Kogi updates Agbaja economics

27th July 2022 By: Esmarie Iannucci - Creamer Media Senior Deputy Editor: Australasia

PERTH (miningweekly.com) – An updated scoping study into the Agbaja iron-ore project, in Nigeria, has significantly increased the project’s economics, ASX-listed Kogi Iron said on Wednesday.

Compared with the 2021 scoping study, the updated scoping study has increased Agbaja’s expected capital cost from $507-million to $557-million, while operating costs have increased from $309/t to $503/t.

The mining rate and mine life have remained unchanged at 1.7-million tonnes a year and 25 years respectively, with the project anticipated to produce 500 000 t/y of steel billets, amounting to 12.33-million over its operational life.

However, with commodity prices increasing, Agbaja’s projected net present value after tax has increased from the $273-million considered in the original scoping study, to $1.4-billion, while its internal rate of return after tax has increased from 14% to 33%.

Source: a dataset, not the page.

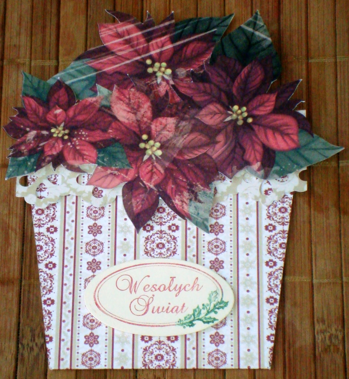 To już ostatnia tegoroczna kartka świąteczna. Przynajmniej jeśli chodzi o te, które udało mi się sfotografować, robione na ostatnią chwilę (sześć kartek w dwa dni to dla mnie nie byle jakie osiągnięcie). Były jeszcze dwie, które zrobiłam w miarę na czas, ale jeszcze w czasie trwania zajęć na uczelni, więc nie miałam jak zrobić im zdjęć (wracałam do domu, jak już było za ciemno, a chciałam je wysłać jak najszybciej).

The project’s anticipated average annual cash flow has also increased from $74-million to $213-million and its pay-back period has declined from six years to four years.

“Kogi Iron is thrilled with these updated financial metrics for the Agbaja iron and steel project in Nigeria. The results from recent base-case price forecasts produced by Fastmarkets, a leading steel and commodity price consultant, released to the ASX in June 2022, have resulted in the company elevating, amongst other things, the potential financial returns for the project from approximately 14% to approximately 33%,” said Kogi nonexecutive chairperson Sean Gregory.

“All projects must compete for capital, and with these results our ongoing investment in the feasibility studies at Agbaja is reaffirmed and should attract the interest of additional investors.”

The updated scoping study forms part of the feasibility work which is currently under way at Agbaja and is due for completion in the first half of 2023.